As with everything else, there is no one-size-fits-all solution to technology risk mitigation. Each lawyer must assess specifically the risks technology may pose to that lawyer’s practice and develop redundancies and safeguards applicable to the situation. Universal, however, is the angst we feel when in hindsight we learn that but for a simple nail, saved for times of trouble, we could have saved our kingdom.
Below are suggestions for technology-related nails that lawyers can lay by to prevent losing the kingdom for want of a nail.
Use Off-Site Data Storage and Backup
Losing access to electronic data on any device or system should not cripple a practice if it is properly prepared. Various scenarios can cause loss of access, including malware, theft or loss, and natural disasters.
Ransomware, virus, or other malware. Computer viruses and malware can wreak havoc on a law firm. Not only can these malicious pieces of code destroy data, but they can also be used to steal proprietary, sensitive, and confidential information. In addition, they can be used to hold a company’s data hostage.
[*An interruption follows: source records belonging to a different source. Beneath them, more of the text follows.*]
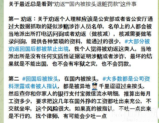 然后呢,搞电诈的没劝返回去几个,倒是劝回去了好多个在外务工的。结果限制人家出境,弄得人家生意受挫。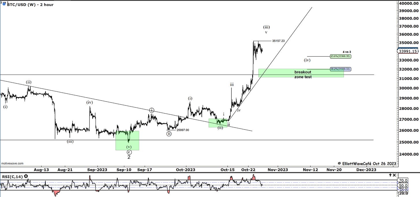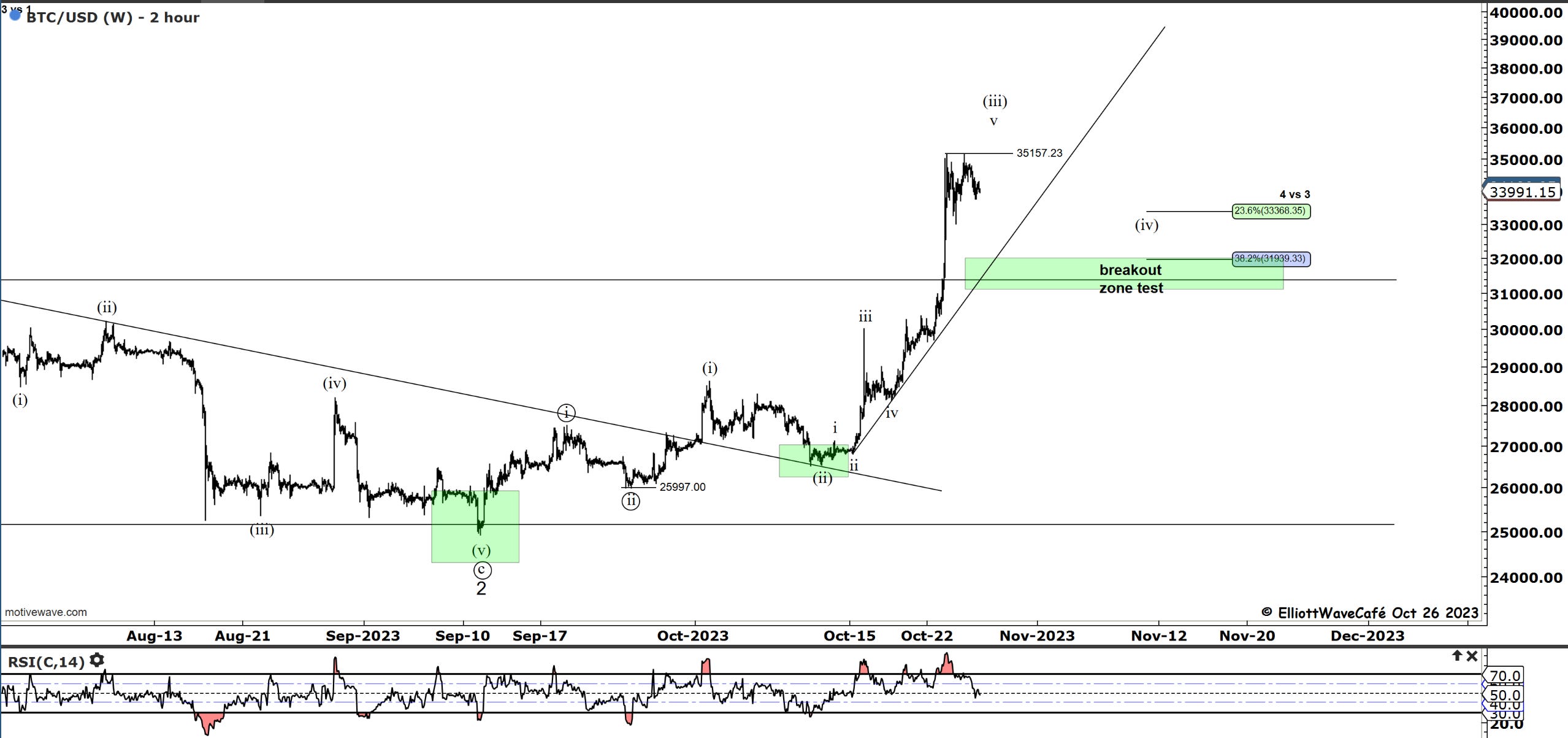 Depending on where wave (iii) actually terminates, we should have a 23 to 38.2% pullback. That puts us at the 32-33k zone initially. It should give way to the next opportunity for trading a wave (v) advance.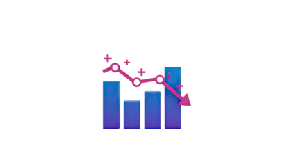 3D Falling down arrow over colorful bar chart graphic on transparent background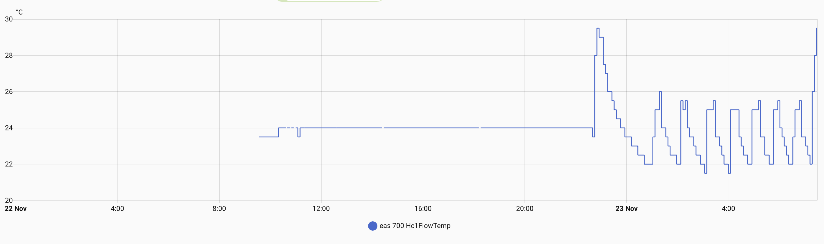 This stepping behaviour continues until the HMU target is roughly 20 K above the HC1 target, and then it levels off precisely at that point. That ~20 K offset is extremely consistent in my system and is visible on the attached trace. I can reset the behaviour by power-cycling the outdoor unit, after which the target jumps back down and the whole ramp repeats under similar conditions.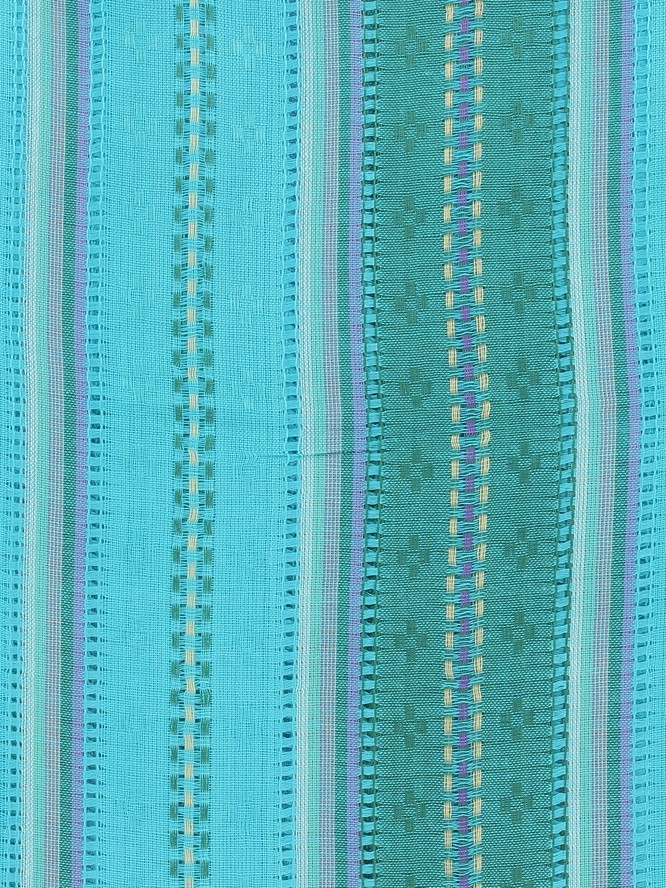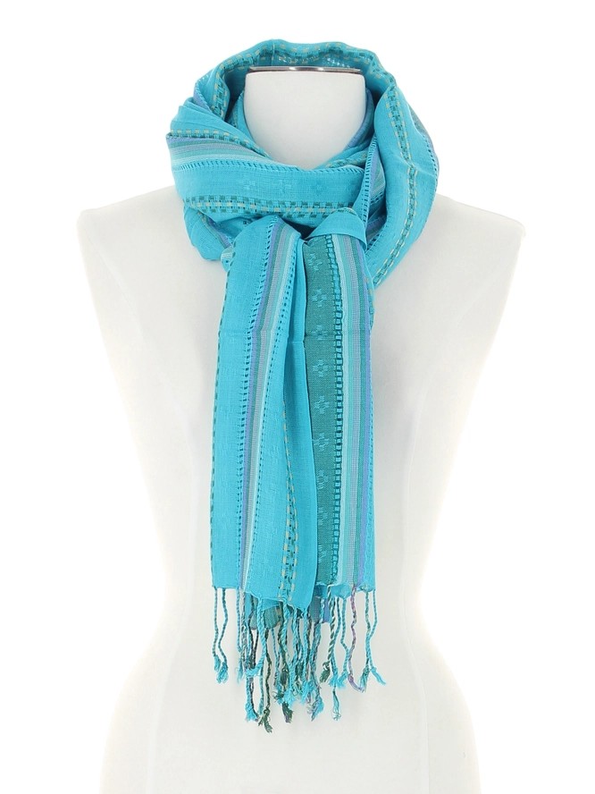 Hyvin pehmeä ja laadukas kaulahuivi turkoosinsinisessä värissä vihreillä raidoilla ja kirjonnalla.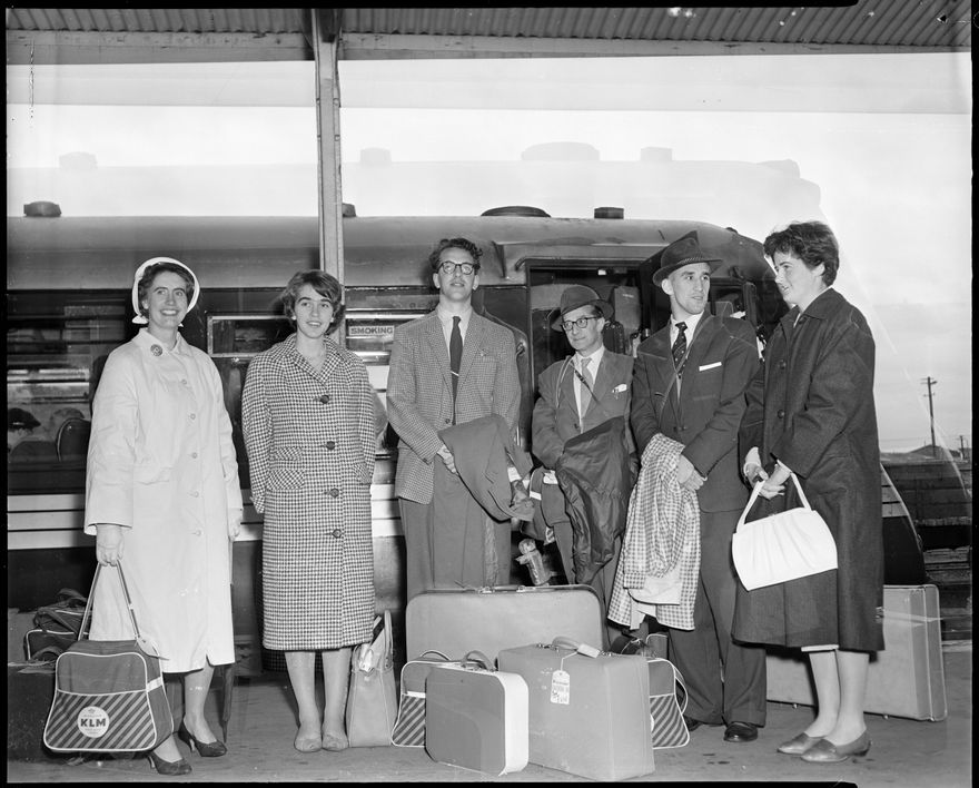 This image was taken for a story that ran in The Manawatu Evening Standard on 06 September 1960 "Four trainee graduates in science and mathematics for the Freyberg High School and two permanent appointees, one for the Girls' High School and the other for the Boys' High School, arrived in Palmerston North this morning. Photographed on arrival at the station they were (from the left): Miss A.C. Oliver (Edinburgh), Mr. P. Cromer (Lancashire), Mr. M.S. Brown (Edinburgh), for the Boys' High School ; Mr. A.G.L. Edwardson (Cheshire); and Miss E. Molesworth (Devon), for Girls' High School."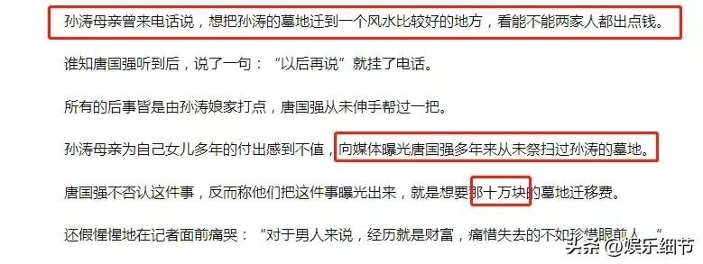 孙涛的母亲认为唐国强是个分外绝情的人,“只见新人笑,不闻旧人哭。”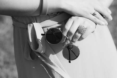Steampunk sunglasses model held in hand with round lenses retro flip up model close up shoot in a summer day. Selective focus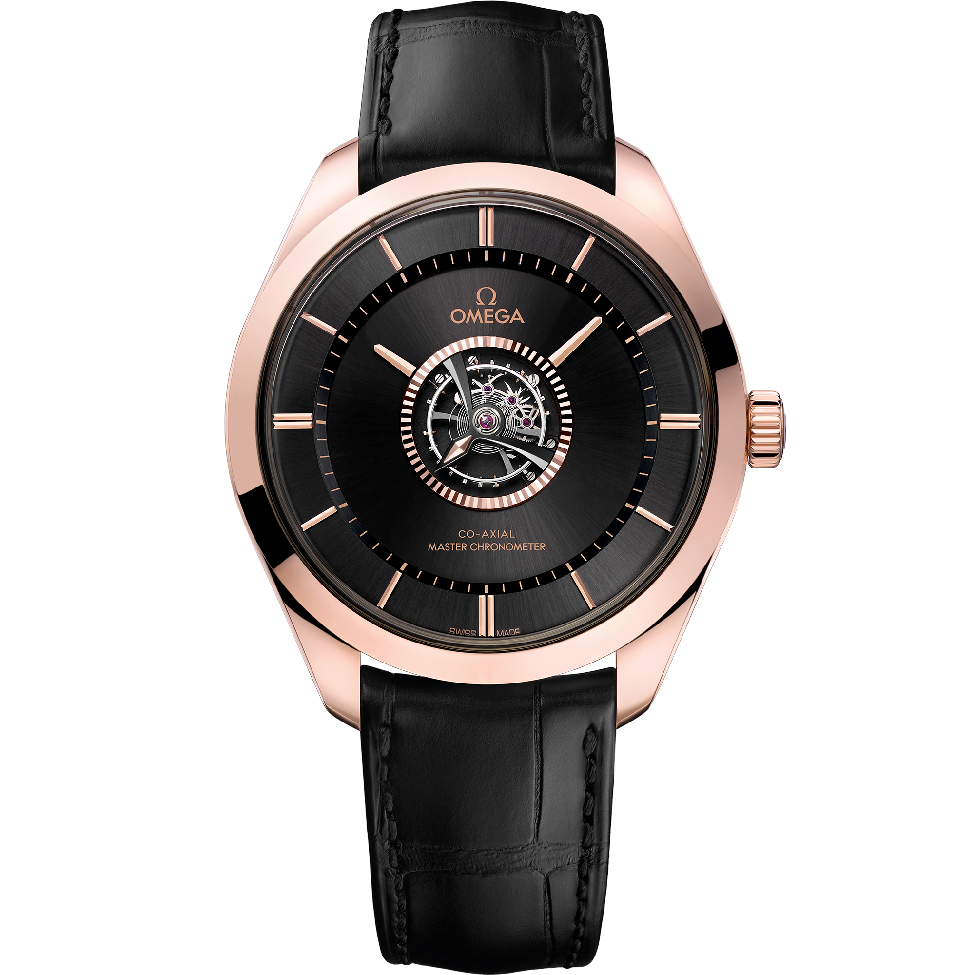 Handcrafted by a select group of horologists at OMEGA’s Atelier Tourbillon in Switzerlandthis extraordinary timepiece is OMEGA’s first-ever manual winding central tourbillon to be Master Chronometer certified. Cased in a blend of 18K Sedna™ gold and 18K Canopus Gold™it features an 18K Sedna™ gold bezel and a sun-brushed dial in the same lustrous material treated with black PVD. Its indexespolished minute and hour hands are in applied 18K Sedna™ gold. An 18K Sedna™ gold polished seconds hand is set in the tourbillon titanium bridge. The crownalso in polished 18K Sedna™ goldfeatures a Ω set in 18K Canopus Gold™. Presented on a black leather strap with polished 18K Sedna™ gold bucklethis exceptional example of the watchmaker's art looks sensational from all anglesas the sapphire crystal caseback allows a view of the 18K Sedna™ gold movement: OMEGA’s Co-Axial Master Chronometer Calibre 2640.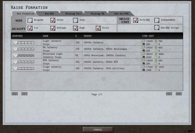 SHQ 部隊を使用するということは、フォーメーションが SHQ 補充部隊プールに保管されている利用可能な補充部隊を使用することを意味します (利用可能な場合)。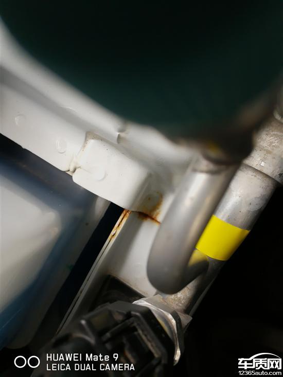 发动机舱生锈,主要是与大梁焊接点处较为严重,其他地方也有,生锈的地方多是没有抹胶,原车抹胶的地方没有锈蚀。

On June 5, 2017, global law firm giant DLA Piper published an article online titled “WannaCry ransomware attack was just the tip of the iceberg: 9 things you should know to protect your company from the next attack.” The article suggested best practices to defend and respond to ransomware attacks. Ironically, less than three weeks later, DLA Piper itself was brought to a complete standstill when it was hit by a similar ransomware attack. The global cyber event encrypted all of DLA Piper’s affected files and requested a ransom paid in bitcoin to restore access or avoid threat of deletion—the demand itself was never quite clear on exactly which.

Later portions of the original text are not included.